Lord Paul Myners has called for “radical change” in the corporate governance of The Co-operative Group so that the society can recover from the “traumatic shocks” it has experienced over the past year.
In his review into The Co-op’s governance – commissioned by the society in November last year following the allegations surrounding its former bank chairman Paul Flowers – Myners said The Co-op needed “a compelling strategy supported by tightly disciplined financial management”.
He recommended that the society should put in place “a group board that possesses the skills and experience, as well as the commitment to co-operative values, that will enable it to match in quality the boards of its primary competitors”.
“The organisation has seen more than half of its net assets wiped out in the past five years”
It needed to create a “new National Membership Council, to provide a powerful representative forum of elected members for holding the group board and executive to account, and for acting as the guardian of co-operative values”.

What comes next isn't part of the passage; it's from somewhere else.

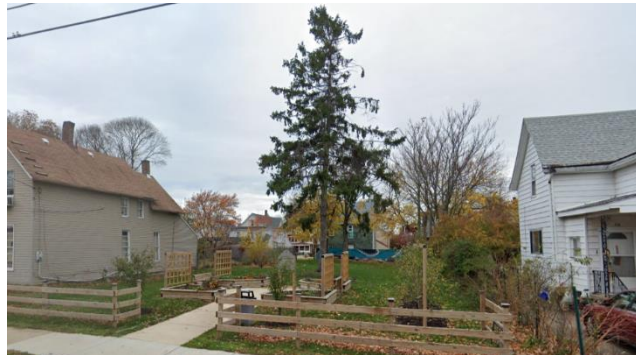
View from East 7th Street looking north

He also called for “the extension of full membership rights to all individual members, consistent with the fundamental co-operative principle of ‘one member, one vote’ and substantially increasing the scope for genuine participatory democracy”.

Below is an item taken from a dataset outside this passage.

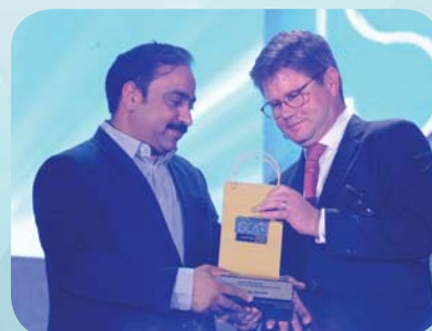
★ SELECT CITYWALK NEW DELHI

“The implication for The Co-op Group is straightforward. It needs to have a compelling strategy supported by tightly disciplined financial management,” he said.

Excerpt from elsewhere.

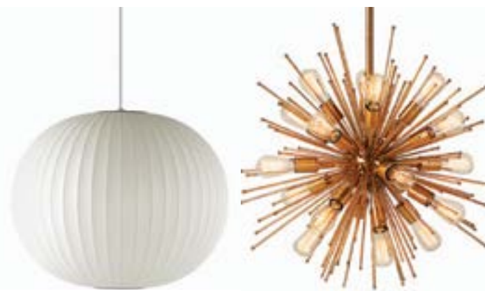
Nelson Ball Bubble pendant ($345), store.hermanmiller.com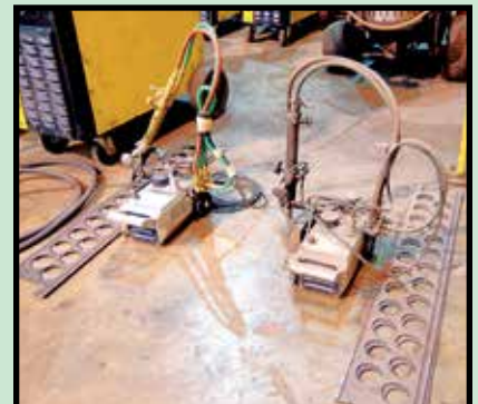
PROFAX TRACK TORCHES

“The catastrophic losses that have arisen over recent years are the direct result of a failure to put these in place. After 150 years of development, and an extended period of financial decline, the organisation has seen more than half of its net assets wiped out in the past five years. Financialcan only be restored through steady, step by step, rebuilding of the group’s profitability and repayment of its excessive debt.”
Myners released a progress report into his review in March following the resignation of CEO Euan Sutherland. That report was criticised by a number of people within the co-op movement including the chairman of Midcounties – the biggest regional co-op.
Referencing this criticism, Myners said: “Some people may have expected me to water down my proposed reforms. They may have felt that my interim report was no more than an opening shot. That could not be farther from the truth.
“I committed to giving the membership a full diagnosis and the best possible objective and independent advice, much as a doctor would diagnose a patient. It would be completely irresponsible to change my diagnosis because the prescription is unpalatable, and hard for some elected members to accept. I would then no longer be prescribing the best solution for the organisation.”
Myners also insisted that his proposed changes were not designed to change The Co-op into a plc.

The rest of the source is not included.